成績評価方法 Evaluation Criteria

*成績は下記該当項目を基に決定されます。
講師用内規準拠 Method of Assessment Weights
予習レポート Preparation Report 0 %
コールドコール Cold Call 0 %
授業内での挙手発言 Class Contribution 15 %
ケース試験 Case Exam 20 %
参加者による相互評価 Peer Assessment 0 %
シミュレーション成績 Simulation 0 %
小テスト Quizzes / Tests 15 %
最終レポート Final Report 0 %
期末試験 Final Exam 50 %
合計 Total 100 %

評価の留意事項 Notes on Evaluation Criteria

・Class Participation(講義内の挙手発言)は、出席とアクティブラーニングへの参加で評価します。評価は15%。
・アクティブラーニングで優秀なグループには、発表してもらうと共に、ボーナス点を加算します。
・小テストとして、各授業でキーワードテストを実施します。キーワードは、教科書において赤色で表示された語句から出題されます。評価は15%。
・ケース試験として、ケースに対する回答をプリントアウトし指定された授業日までに、教員へ直接提出してください。評価20%。ビジネス同様に、締切厳守。締切に遅れた場合は、ビジネスと同様に減点の評価とします。
・期末試験は、50%。キーワードテストと記述式テストからできています。キーワードテストは、各授業のキーワードテストと同様で、教科書において青色で表示された語句から出題され、選択式でなく、記述式です。
・授業に集中するため、授業中の携帯電話の使用を禁止します。

使用ケース一覧 List of Cases

    ケースは使用しません。

教科書 Textbook

  • 沼上 幹「わかりやすいマーケティング戦略 [新版]」有斐閣(2008)978-4-641-12355-7

参考文献・資料 Additional Readings and Resource

山本 晶「コア・テキスト マーケティング」新世社 2012年6月10日
和田充夫・恩藏直人・三浦俊彦「マーケティング戦略[第5版]」有斐閣 2016年12月15日
恩蔵直人「日経文庫 マーケティング<第2版>」日本経済新聞社 2019年2月15日
黒岩健一郎・水越康介「マーケティングをつかむ[新版]」 有斐閣 2018年1月10日
恩藏直人・三浦俊彦・芳賀康浩・坂下玄哲「ベーシック・マーケティング[第2版]」同文館 2019年7月10日
中田行彦「シャープ「液晶敗戦」の教訓」実務教育出版 2015年3月10日
中田行彦「シャープ再建 鴻海流スピード経営と日本型リーダーシップ」 啓文社書房 2019年4月15日
町田勝彦「オンリーワンは創意である」文藝春秋 2008年9月20日

中央情報センター(図書館)についても活用してください。

授業調査に対するコメント Comment on Course Evaluation

本講義は、私が開発した「映像ケーススタディ」と小グループ討論を組合せた新しい「アクティブラーニング」(名称:「知識スパイラル教育法」)を用います。映像を用いるため理解しやすく、小グループ討論により知識を体系化できます。この新しい「知識スパイラル教育法」の改善のため、積極的なフィードバックをお願いします。

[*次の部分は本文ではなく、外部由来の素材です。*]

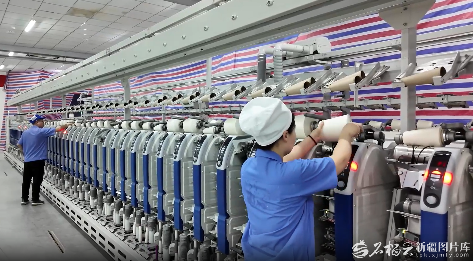 2月25日,在沙湾市海华(新疆)纺织有限公司生产车间,智能化纺纱设备高速运转,清花、梳棉、精梳、并条、粗纱、细纱、络筒等工序有条不紊地进行,新疆优质棉花经加工转化为高档精梳紧密纺纱线,工人认真作业,保障生产与品质。

担当教員のプロフィール About the Instructor 

●学位と取得大学
1969年3月 神戸大学工学部計測工学科(応用物理)卒業
1971年3月 神戸大学大学院工学研究科計測工学専攻 (工学修士)
1992年2月 大阪大学大学院 工学博士
2009年9月 立命館大学 博士(技術経営)

●研究分野 技術経営、マーケティング、先端産業分析

●主な著書
1. 『シャープ再建 鴻海流 スピード経営と日本型リーダーシップ』 啓文社 2019年4月2日
2. 『シャープ「企業敗戦」の深層 大転換する日本のものづくり』 イースト・プレス、2016年3月17日
3. 『鴻海為什麼贏得夏普』 商業周刊 (台湾での翻訳本)2016年6月23日
4. 『「モジュール化」対「すり合わせ」 日本の産業構造のゆくえ』 学術研究出版、2015年2月7日 
中田行彦、安藤晴彦、柴田友厚(編著)
5. 『シャープ「液晶敗戦」の教訓 日本のものづくりはなぜ世界で勝てなくなったのか』 実務教育出版
2015年1月28日


● Degrees and Acquired universities
1969: Kobe University, Faculty of Engineering, Department of Instrumentation Engineering
(Applied Physics)
1971: Graduate School of Engineering, Kobe University (Master of Engineering)
1992: Osaka University, Graduate School of Engineering, (Doctor of Engineering)
2009: Ritsumeikan University, Graduate School of MOT (Dr. of Technology Management)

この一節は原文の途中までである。